Take the lines below from the one with "Jefferson George and" through the one with "NWT Maeve Anthropologie" and print only them, exactly. Don't print the pictures.
((
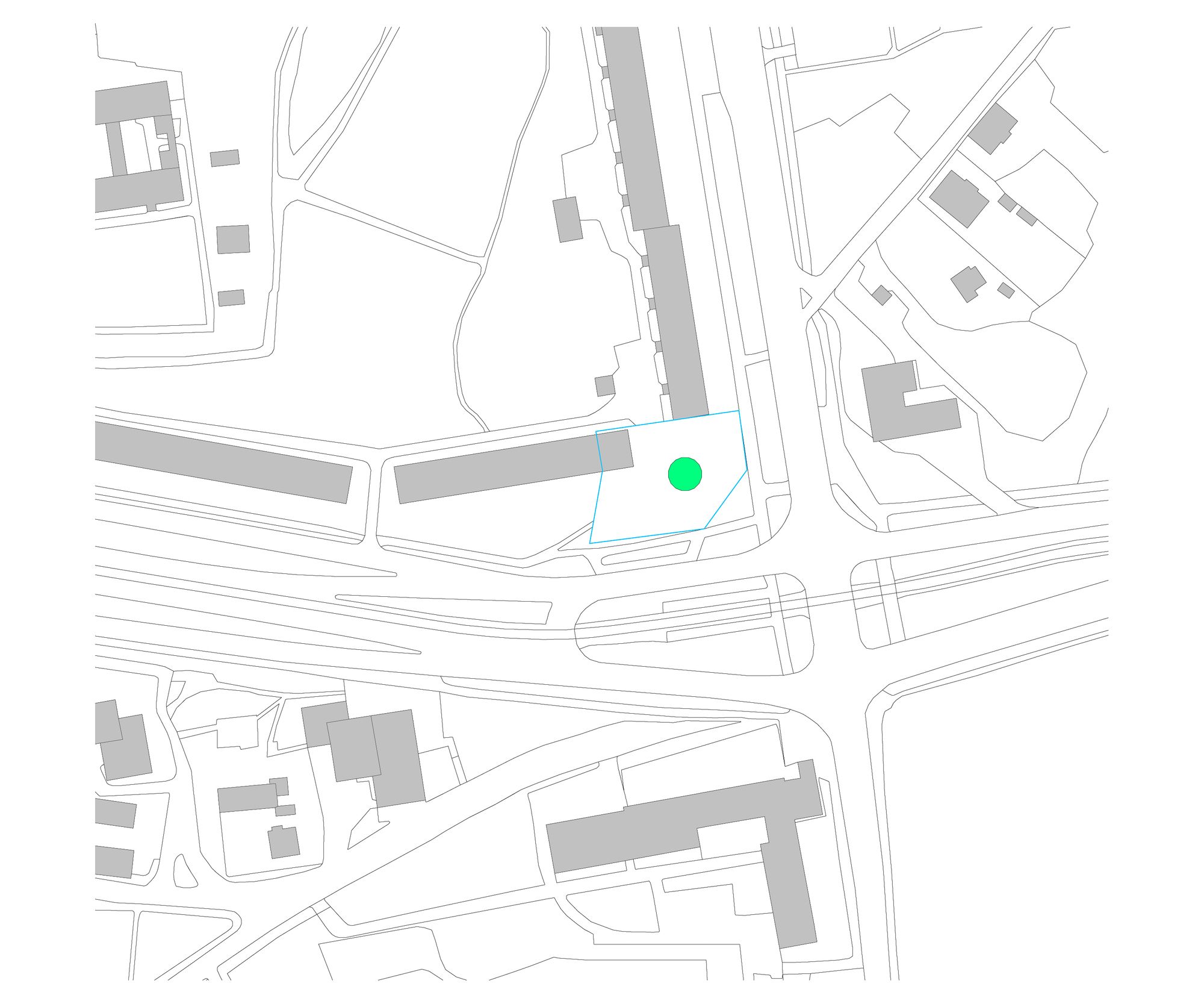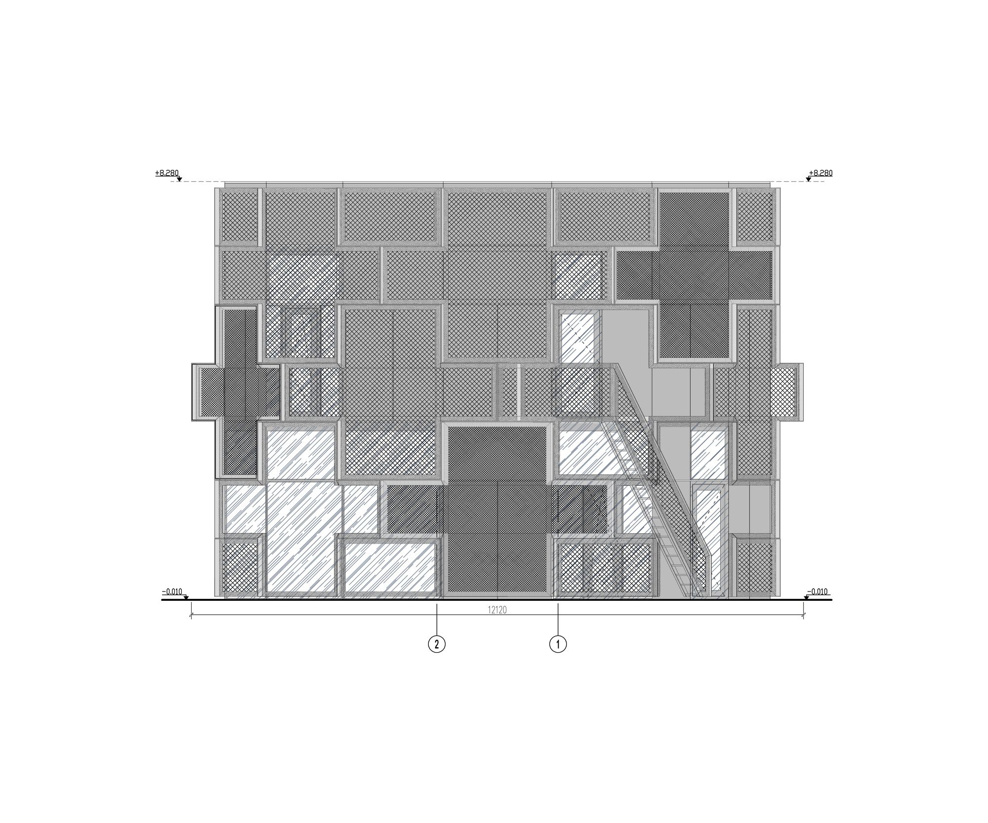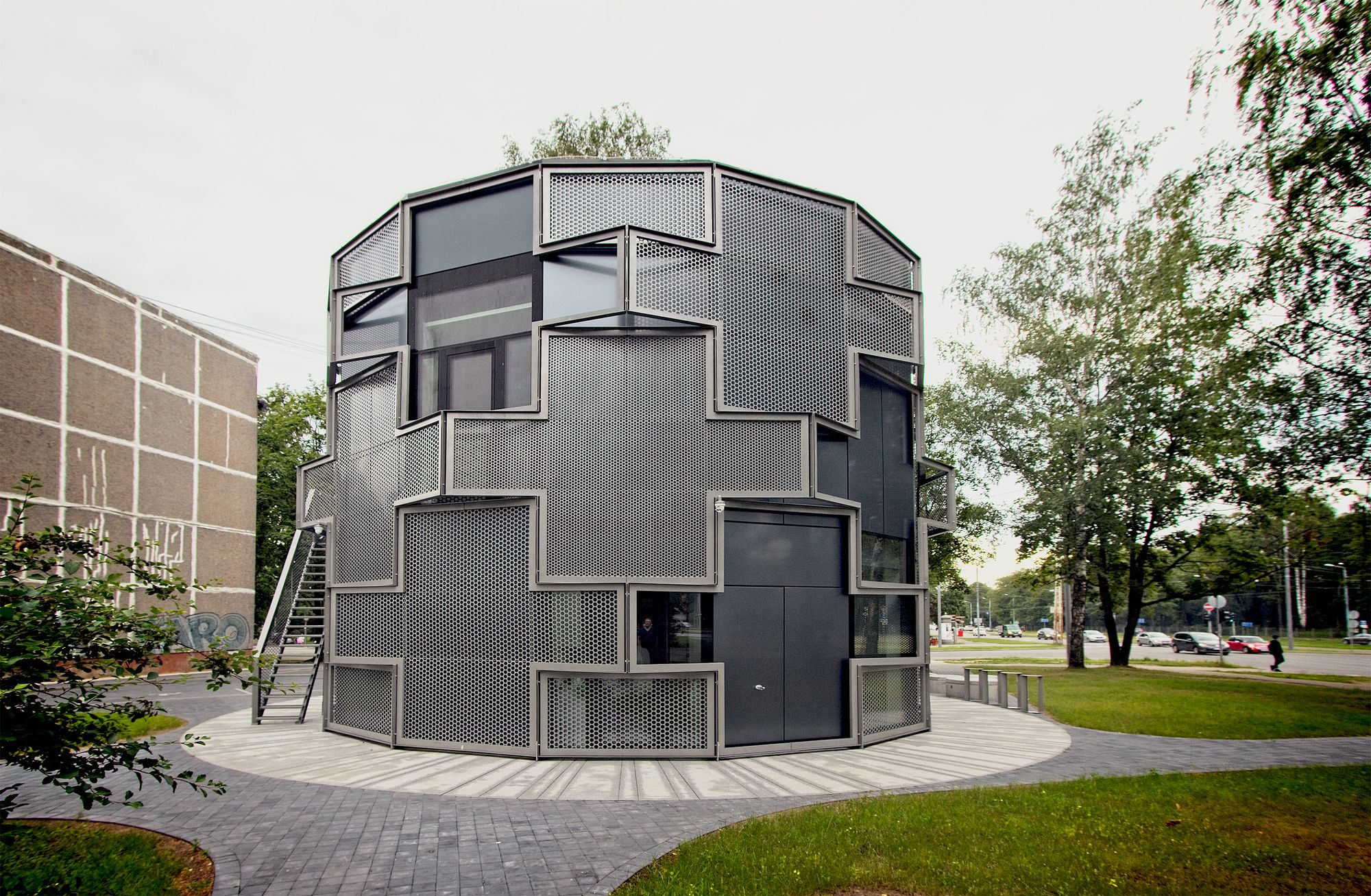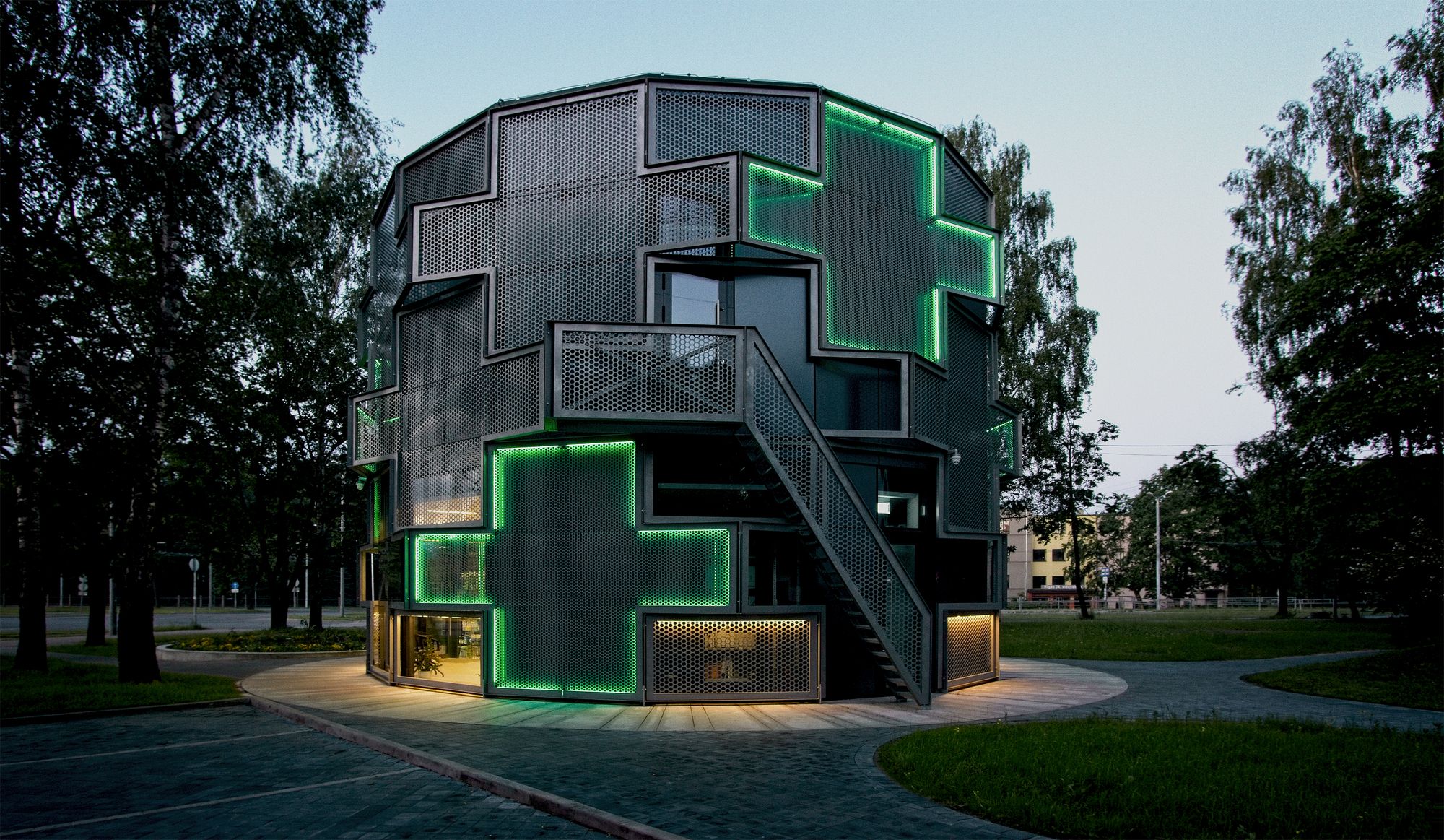 The idea of environmental installation arose not only due to the existing green square but also due to the local building authorities, who insisted that a traditional low-rise building from the urban planning view is not suitable for the corner of the block with five-storey building. In their opinion, the more visually new volume will differ from traditional buildings, the better it will fit into the existing surrounding.
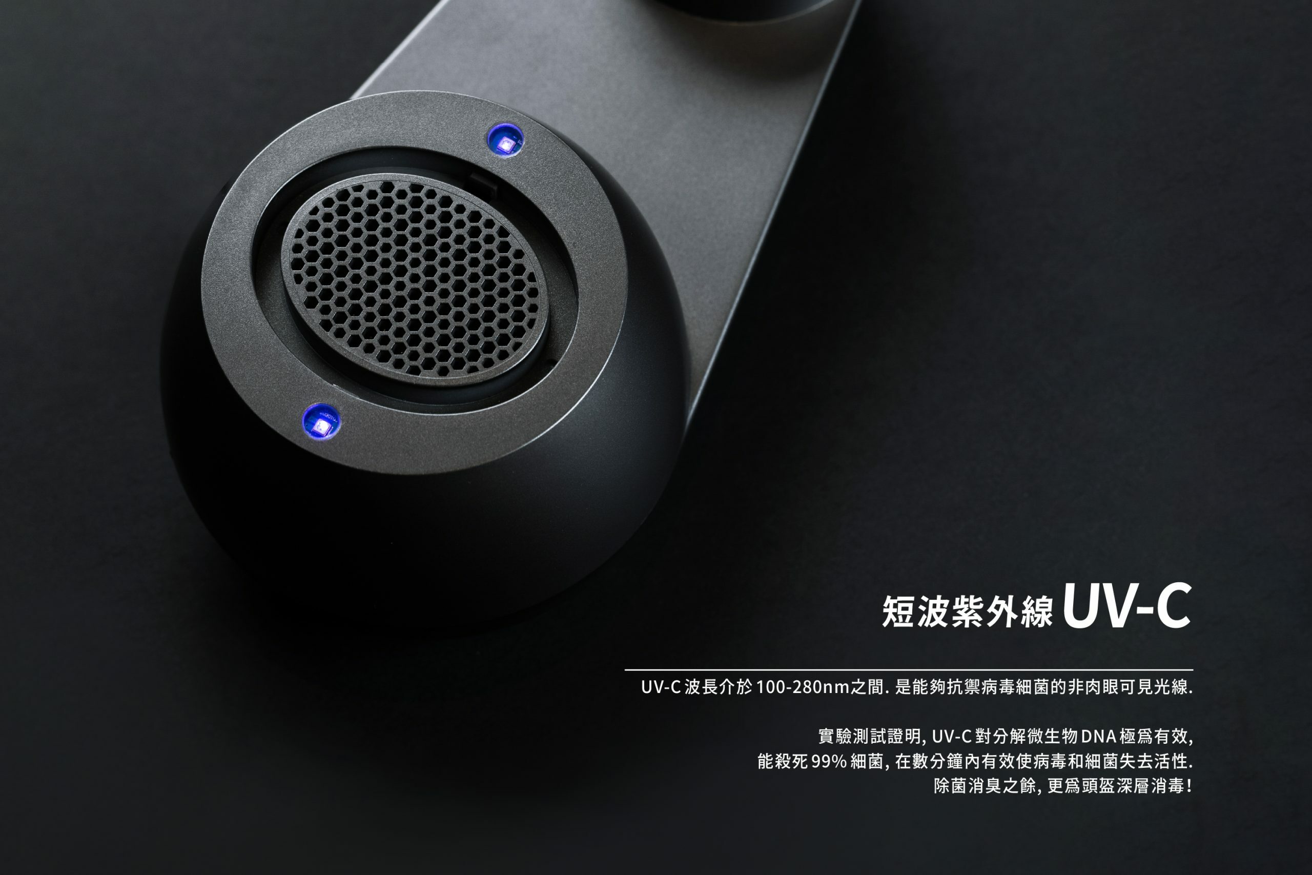 UV-C波長介於100-280nm之間,是能夠抗禦病毒細菌的非肉眼可見光線。實驗測試證明,UV-C對分解微生物DNA極為有效,能殺死99%細菌,在數分鐘內有效使病毒和細菌失去活性。除菌消臭之餘,更為頭盔深層消毒!
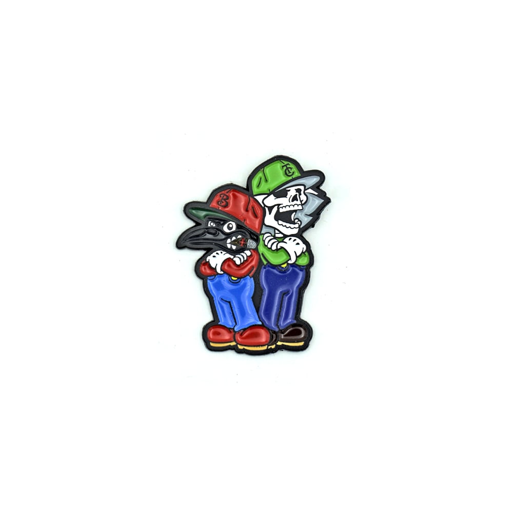 Jefferson George and Charles "Cappy" Torva, the mascots for Brothers Kinetic Systems and The Capologists have joined forces to form the Super Blood Bros. Rep the team with this enamel pin!
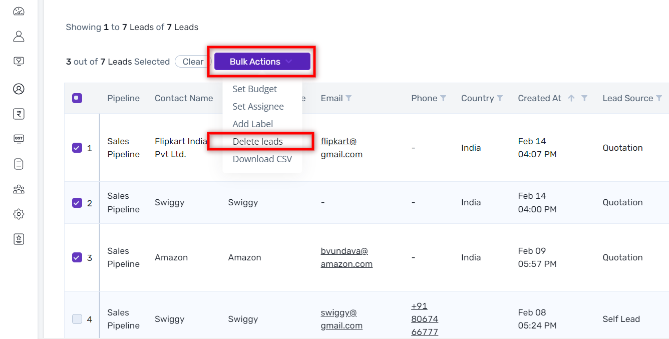 Select all the leads you want to delete by clicking on their respective checkbox - as shown below:
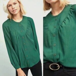 NWT Maeve Anthropologie Avignon Button Down Boho Peasant Top Western XL
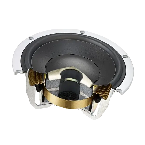 Large diameter voice coil surrounds the magnet for superior linearity. Aluminum voice coil former and wire are low mass so transient response is quick and accurate. Diaphragm and dust cap are moulded as one piece in patented low-mass, highly rigid Magnesium Silicate Polymer providing unrivaled accuracy.
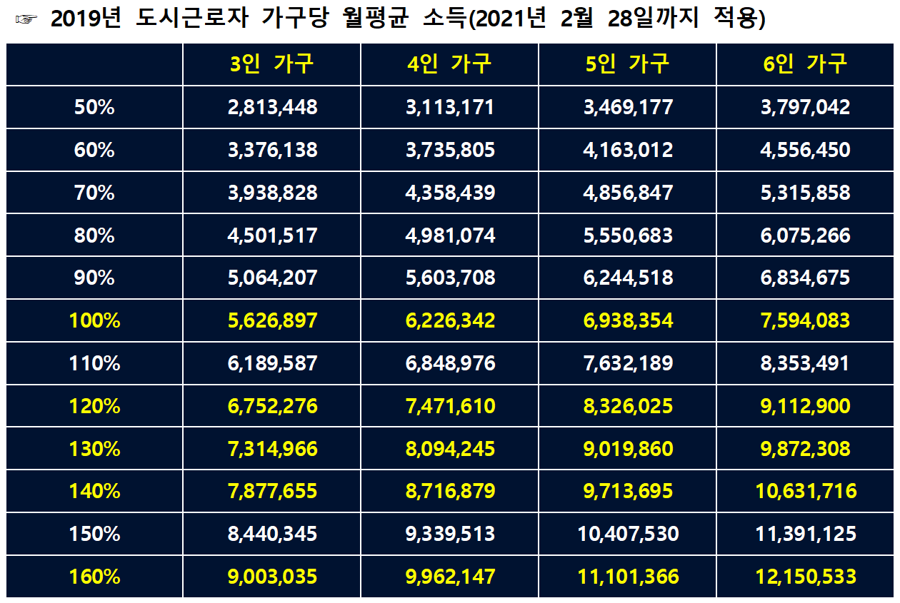 6인 가구 소득기준(2021년 2월 28일까지 적용)
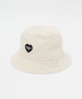 ミッドウェイトのコットンツイル素材を使用し、裏地なしのデザインで仕上げたドリューバケットハット。フロントにはハートのワッペンがあしらわれている。被る人を選ばない綺麗なシルエットがポイントです。
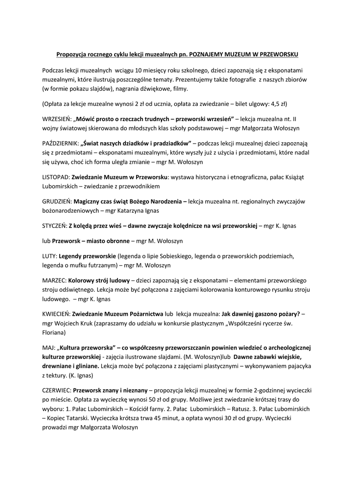 Propozycja rocznego cyklu lekcji muzealnych pn. POZNAJEMY MUZEUM W PRZEWORSKU Podczas lekcji muzealnych wciągu 10 miesięcy roku szkolnego, dzieci zapoznają się z eksponatami muzealnymi, które ilustrują poszczególne tematy. Prezentujemy także fotografie z naszych zbiorów (w formie pokazu slajdów), nagrania dźwiękowe, filmy. (Opłata za lekcje muzealne wynosi 2 zł od ucznia, opłata za zwiedzanie – bilet ulgowy: 4,5 zł) WRZESIEŃ: „Mówić prosto o rzeczach trudnych – przeworski wrzesień” – lekcja muzealna nt. II wojny światowej skierowana do młodszych klas szkoły podstawowej – mgr Małgorzata Wołoszyn PAŹDZIERNIK: „Świat naszych dziadków i pradziadków” – podczas lekcji muzealnej dzieci zapoznają się z przedmiotami – eksponatami muzealnymi, które wyszły już z użycia i przedmiotami, które nadal się używa, choć ich forma uległa zmianie – mgr M. Wołoszyn LISTOPAD: Zwiedzanie Muzeum w Przeworsku: wystawa historyczna i etnograficzna, pałac Książąt Lubomirskich – zwiedzanie z przewodnikiem GRUDZIEŃ: Magiczny czas świąt Bożego Narodzenia – lekcja muzealna nt. regionalnych zwyczajów bożonarodzeniowych – mgr Katarzyna Ignas STYCZEŃ: Z kolędą przez wieś – dawne zwyczaje kolędnicze na wsi przeworskiej – mgr K. Ignas lub Przeworsk – miasto obronne – mgr M. Wołoszyn LUTY: Legendy przeworskie (legenda o lipie Sobieskiego, legenda o przeworskich podziemiach, legenda o mufku futrzanym) – mgr M. Wołoszyn MARZEC: Kolorowy strój ludowy – dzieci zapoznają się z eksponatami – elementami przeworskiego stroju odświętnego. Lekcja może być połączona z zajęciami kolorowania konturowego rysunku stroju ludowego. – mgr K. Ignas KWIECIEŃ: Zwiedzanie Muzeum Pożarnictwa lub lekcja muzealna: Jak dawniej gaszono pożary? – mgr Wojciech Kruk (zapraszamy do udziału w konkursie plastycznym „Współcześni rycerze św. Floriana) MAJ: „Kultura przeworska” – co współczesny przeworszczanin powinien wiedzieć o archeologicznej kulturze przeworskiej - zajęcia ilustrowane slajdami. (M. Wołoszyn)lub Dawne zabawki wiejskie, drewniane i gliniane. Lekcja może być połączona z zajęciami plastycznymi – wykonywaniem pajacyka z tektury. (K. Ignas) CZERWIEC: Przeworsk znany i nieznany – propozycja lekcji muzealnej w formie 2-godzinnej wycieczki po mieście. Opłata za wycieczkę wynosi 50 zł od grupy. Możliwe jest zwiedzanie krótszej trasy do wyboru: 1. Pałac Lubomirskich – Kościół farny. 2. Pałac Lubomirskich – Ratusz. 3. Pałac Lubomirskich – Kopiec Tatarski. Wycieczka krótsza trwa 45 minut, a opłata wynosi 30 zł od grupy. Wycieczki prowadzi mgr Małgorzata Wołoszyn
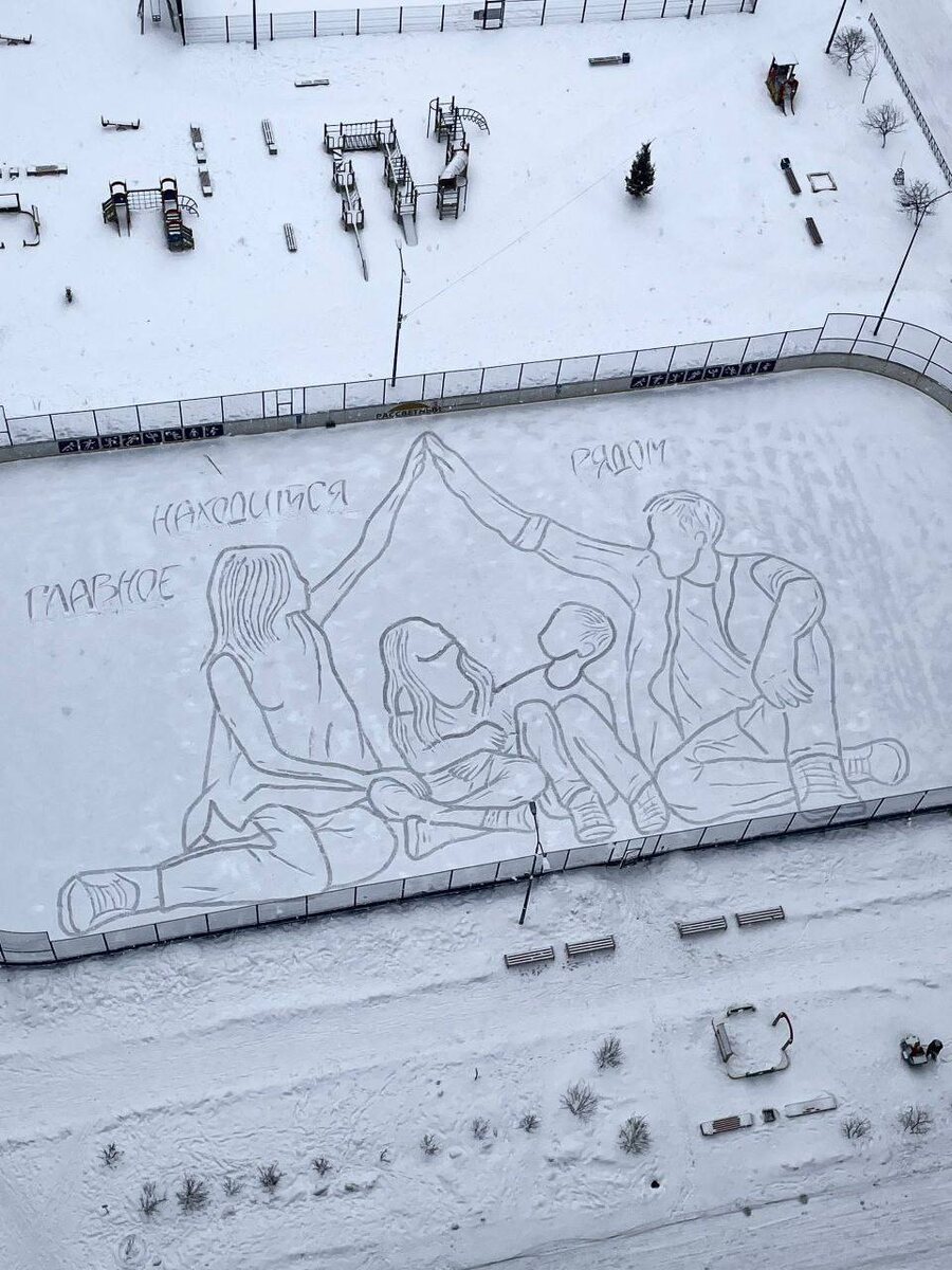В Екатеринбурге художник Леонид Валитов создал на катке в своем дворе впечатляющую картину, посвященную семье
))
Exercise output:
 Jefferson George and Charles "Cappy" Torva, the mascots for Brothers Kinetic Systems and The Capologists have joined forces to form the Super Blood Bros. Rep the team with this enamel pin!
 Select all the leads you want to delete by clicking on their respective checkbox - as shown below:
 NWT Maeve Anthropologie Avignon Button Down Boho Peasant Top Western XL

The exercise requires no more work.